Moscow Mayor Sergei Sobyanin moved rapidly to calm public fears by rushing to the scene to supervise emergency services and pledged that there would be an independent investigation of the accident.

In line with its usual response to such events, the Kremlin's Investigative Committee, Russia's top police body, immediately launched a criminal investigation and promised that the guilty parties would be found.

"As it is a man-caused accident, it is obvious that there are people responsible for it, so soon there will be suspects in the case," spokesman Vladimir Markin said in a statement published on the Committee's official website.

Coverage of the accident does suggest a fast and effective response by Russia's Ministry of Emergency Services [MChS], one of the country's few government departments that enjoys widespread social respect, which quickly closed off the road above and brought in helicopters to evacuate the injured.

"I have to say that MChS has been steadily improving its work over past years, and it really shows in a case like this," says Yury Kobaladze, an independent security expert.

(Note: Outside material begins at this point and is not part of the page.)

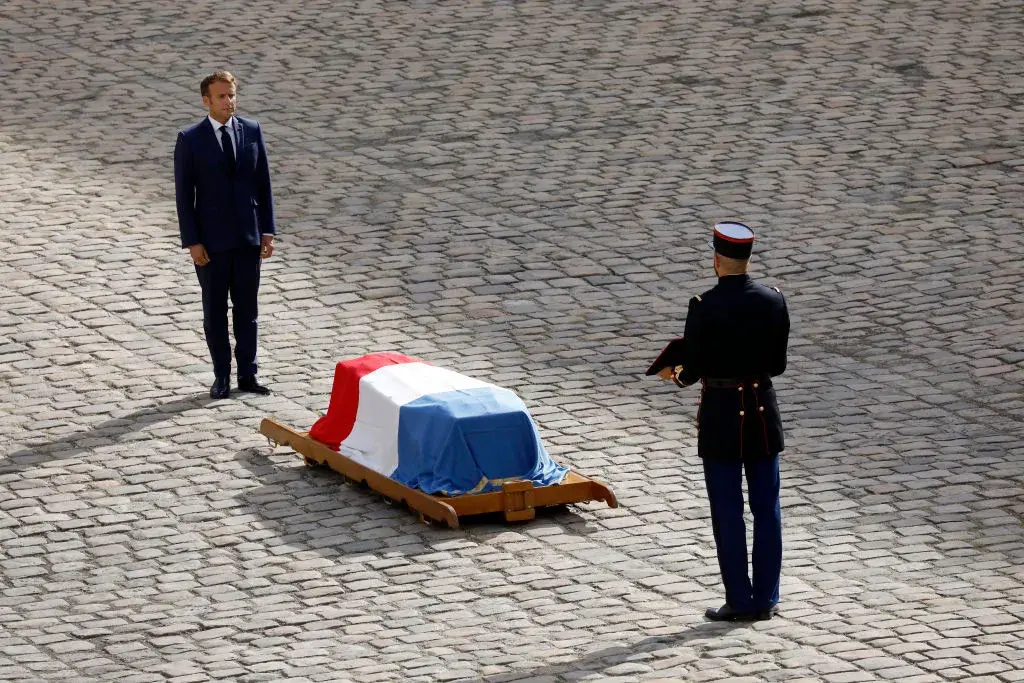 Хиляди гледаха церемонията, която по мащаба си напомни за поклонението пред бившия президент Жак Ширак, починал през 2019 г.

Experts are divided over how badly public confidence will be shaken by the accident.

"The question that will occupy peoples' minds is, how could this have happened? Our metro was always considered one of the safest ways to travel," says Gennady Gudkov, a former Duma deputy and Kremlin critic. "But few people noticed that little accidents and delays have been piling up lately. Lines would stop working for a few hours, unexplained glitches would happen. I have the impression that problems were accumulating that weren't addressed," he says.

But Dmitry Oreshkin, head of the Mercator Group, an independent Moscow media consultancy, says the public will probably move on from this tragedy without looking back.

"Of course people have fears, but what's the alternative? You have to go to work," he says. "The metro was hit by terrorist acts in the past, but pretty soon people were back in the metro, fears forgotten, as usual. This will be the same."